А. А. Понимаете, литература тогда становится Литературой, когда, кроме нескольких даровитых людей, существует то, что принято именовать литературным процессом – с книгоизданием, публикациями в периодике, критикой, полемикой вокруг лучших произведений… В станице Вёшенской жил сам великий Шолохов, но нельзя же утверждать, будто был некий «вёшенский литературный процесс». Как не было процессов «яснополянского» или «мелиховского», процесса «Константиновского»… Хотя в этих местах и жили Толстой, Чехов, Есенин… Что уж говорить о современной русской литературе Беларуси! Таланты есть и немало, я их выше частично перечислил, но сколько-нибудь серьёзного интереса к их творчеству в официальных литературных кругах как не наблюдалось, так и не наблюдается – даже русскую секцию в Союзе писателей создать так и не позволили. А ведь была такая! А за предложения о её создании нынешнее руководство СПБ даже пригрозило, совсем как в былые времена, исключить меня из писательского Союза… Кстати, вы сказали, что меня в минувшем году опубликовали около двух десятков изданий.

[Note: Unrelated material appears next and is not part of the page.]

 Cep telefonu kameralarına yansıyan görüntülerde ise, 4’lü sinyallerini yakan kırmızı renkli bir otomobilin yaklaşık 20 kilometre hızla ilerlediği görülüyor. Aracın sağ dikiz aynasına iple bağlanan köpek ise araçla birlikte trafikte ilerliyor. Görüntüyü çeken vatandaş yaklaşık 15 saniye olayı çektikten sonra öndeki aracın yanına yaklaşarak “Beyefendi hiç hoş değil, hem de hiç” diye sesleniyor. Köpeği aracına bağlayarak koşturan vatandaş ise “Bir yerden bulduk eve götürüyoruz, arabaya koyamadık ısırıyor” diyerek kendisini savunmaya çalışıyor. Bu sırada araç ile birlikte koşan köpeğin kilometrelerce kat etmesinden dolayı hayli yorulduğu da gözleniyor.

Это верно, но среди них не было ни единого белорусского, если не считать частный журнал «Гаспадыня» («Хозяйка»). В 2009 году в Санкт-Петербурге вышла новая книга моих стихов «Август в декабре», на которую откликнулись пространными рецензиями и «Литературная газета», и «Московский литератор», и московская же газета «Слово», и киевская «Радуга», и таллинская «Балтика»… Всего около десяти изданий разных стран. Из республиканских же средств массовой информации на книгу отреагировал лишь президентский журнал «Беларуская думка» («Белорусская мысль») при полнейшем молчании наших литературно-художественных изданий… Разве это нормально, когда даже признанному автору дома негде публиковаться? Да ещё и от учредительства журнала «Новая Немига литературная» Союз писателей Беларуси недавно демонстративно отказался…

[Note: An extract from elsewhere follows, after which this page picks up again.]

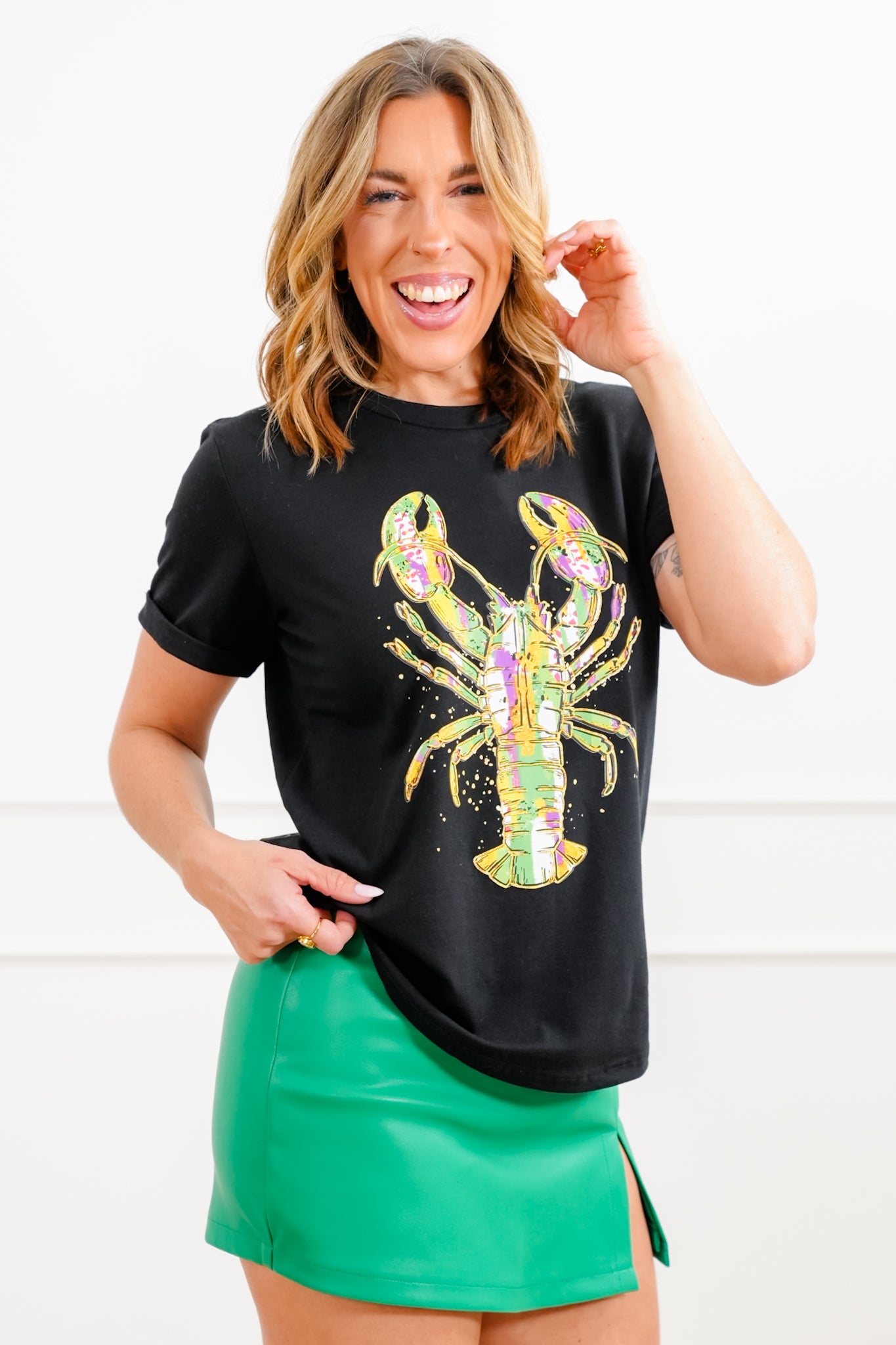 This tee brings Mardi Gras energy with a standout lobster graphic that feels fun, festive, and full of character. The soft, stretchy fabric keeps it comfortable, while the bold design makes it an instant favorite for parade days, casual parties, or styled with a skirt or denim for a laid-back festive look.

Вот и приходится не только самому искать читателя за пределами Беларуси, что, вообще-то, для пишущего по-русски автора считаю совершенно необходимым, но и помогать делать это другим. В первую очередь – за счёт обменных выпусков с российскими журналами. Их было немало, назову только один проект, который мы осуществили, самый масштабный. С редакцией одного из авторитетнейших российских журналов "Дон". В одном из номеров "Немиги…" были помещены произведения почти двух десятков авторов "Дона", а следом и дончаки познакомились с творчеством большого числа авторов нашего журнала. Российская пресса осветила это событие достаточно широко, отечественная предпочла почти не заметить…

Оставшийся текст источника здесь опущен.